**REQUIREMENT:**
Skip the pictures. Transcribe the rest of the data below without changing a word.

Records drawn from a dataset:
########

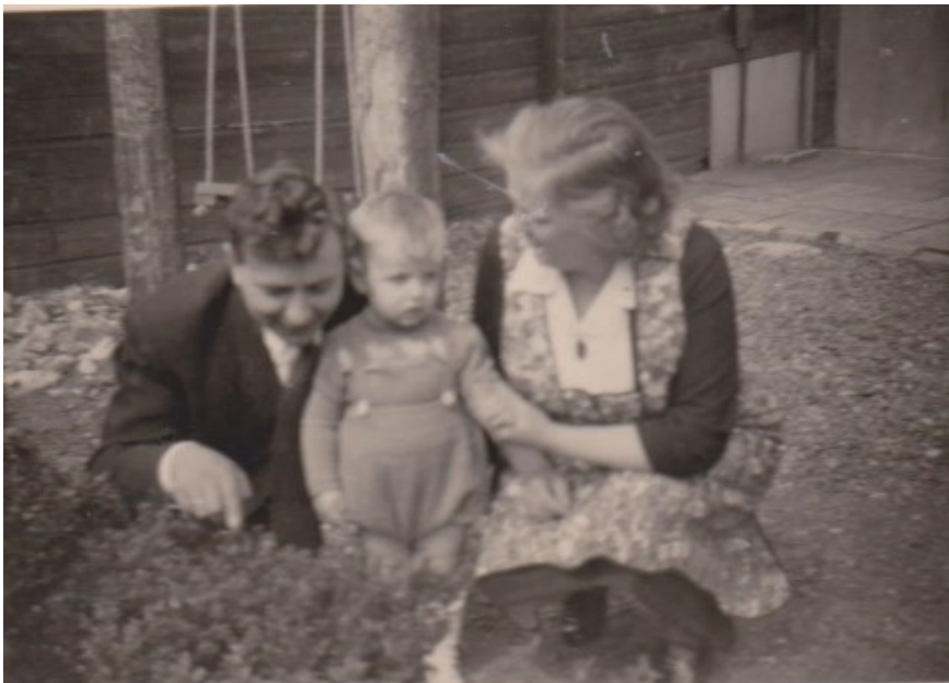
Met mijn ouders in de achtertuin.
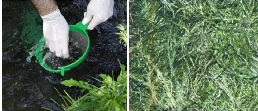
Figura 1: Musgo aquático Fontinalis antipyretica (lavagem e pronto a usar).

Os processos de remoção de metais usando bio sorventes, tais como musgos aquáticos, correspondem basicamente a um processo de contacto sólido/líquido em que há acumulação e dessorção do metal que, com o decorrer do tempo, tendem para um estado de equilíbrio. A instalação utilizada (Figuras 2 e 3) é similar à usada no estudo de processos como permuta iónica ou adsorção com carvão activado.
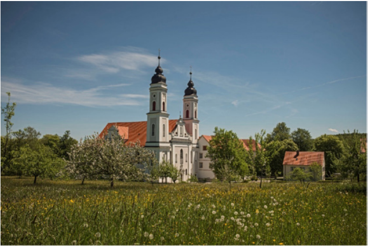
Die ehemalige Benediktinerabtei Irsee dient heute dem Bayerischen Bezirkstag sowie dem Bezirk Schwaben als Bildungs-, Tagungs- und Kulturzentrum.
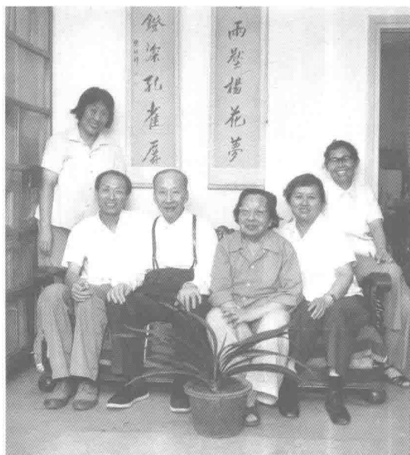
1978年和夫人及同事在家中
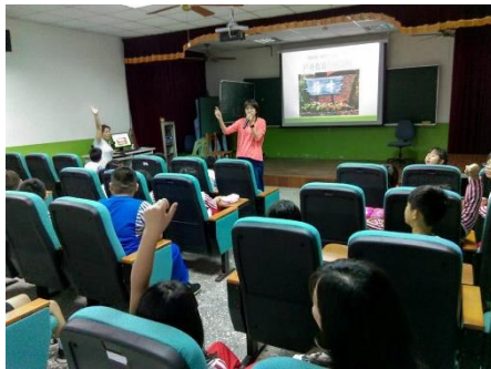
說明：老師說明戶外教育相關注意事項

########

**OUTPUT OF THE TASK:**
Met mijn ouders in de achtertuin.
Figura 1: Musgo aquático Fontinalis antipyretica (lavagem e pronto a usar).

Os processos de remoção de metais usando bio sorventes, tais como musgos aquáticos, correspondem basicamente a um processo de contacto sólido/líquido em que há acumulação e dessorção do metal que, com o decorrer do tempo, tendem para um estado de equilíbrio. A instalação utilizada (Figuras 2 e 3) é similar à usada no estudo de processos como permuta iónica ou adsorção com carvão activado.
Die ehemalige Benediktinerabtei Irsee dient heute dem Bayerischen Bezirkstag sowie dem Bezirk Schwaben als Bildungs-, Tagungs- und Kulturzentrum.
1978年和夫人及同事在家中
說明：老師說明戶外教育相關注意事項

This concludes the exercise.